There were two issues in this case:

1.         Was Article 8 of the Convention applicable?

2.         If Article 8 of the Convention was applicable, had the Employer breached the same?


Was Article 8 of the Convention applicable?
Article 8 of the Convention provides as follows:

“1.     Everyone has the right to respect for his private and family life, his home and his correspondence.

2.      There shall be no interference by a public authority with the exercise of this right except such as is in accordance with the law and is necessary in a democratic society in the interests of national security, public safety or the economic well-being of the country, for the prevention of disorder or crime, for the protection of health or morals, or for the protection of the rights and freedoms of others.”

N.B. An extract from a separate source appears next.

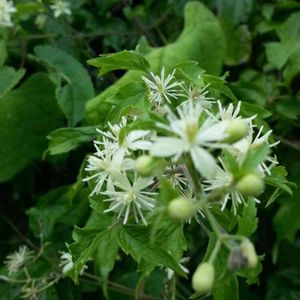 原野に戻りつつある畑と生垣の境目に生えてます。 崖っぷちなので、近づけません(>_<) ラスタニャンさんが教えてくださいましたあ❤️ ボタンヅルです。

The ECtHR held that Article 8 of the Convention was applicable because the Applicant’s “private life” and “correspondence” falling within the meaning of Article 8 of the Convention were concerned mainly by the following:

1.         the content of the Applicant’s communications on the Yahoo Messenger Account were purely private and relating to the Applicant’s health or sex life and fell within the scope of subsection 1 of Article 8 of the Convention; and

2.         the transcript of the Applicant’s communications on the Yahoo Messenger Account was formerly tendered as evidence in the Romanian Courts contrary to subsection 2 of Article 8 of the Convention.

Had the Employer breached Article 8 of the Convention?
The ECtHR noted that the Employer being a private company was not directly bound by the Convention. The ECtHR therefore needed to examine whether the Romanian Courts had struck a fair balance between the Applicant’s right to respect for his private life and correspondence and the Employer’s interests.

Having regard to the following, the ECtHR ruled that the Romanian Courts had not failed to strike such a fair balance and that there was no violation of Article 8 of the Convention:

1.         as the Applicant claimed to have used his Yahoo Messenger Account only for professional purposes, the Employer’s access to the same in the belief that it only contained work-related messages was therefore legitimate;

2.         the Employer’s monitoring, which was only restricted to the Applicant’s Yahoo Messenger Account but not other data or documents stored on his computer, was proportionate;

3.         it was reasonable for the Employer to want to verify that the Applicant was completing his professional work during office hours;

4.         the Applicant had been given prior notice of both the Internal Regulations and the possibility that the Employer could conduct internet monitoring. However, the Applicant failed to provide any convincing reasons for having used the Yahoo Messenger Account for personal purposes; and

5.         as to the use of the transcript of the Applicant’s communications on the Yahoo Messenger Account as evidence before the Romanian Courts, the Romanian Courts had not attached particular weight to the actual content thereof. The Romanian Courts had only relied on the same to the extent that it proved the Applicant’s breach of the Internal Regulations.


On the one hand, this case reminds employers to have the following practices:

1.       having in place clear internal regulations setting out what restrictions apply to employees’ internet usage (i.e. whether personal internet usage is completely prohibited or only limited in scope) and the circumstances and the way in which internet monitoring will occur;

2.       ensuring that employees are aware of and understand the relevant internal regulations; and

3.       ensuring that the scope of internet monitoring is proportionate and that every single monitoring is supported by a report setting out the grounds therefor, and limitations thereto.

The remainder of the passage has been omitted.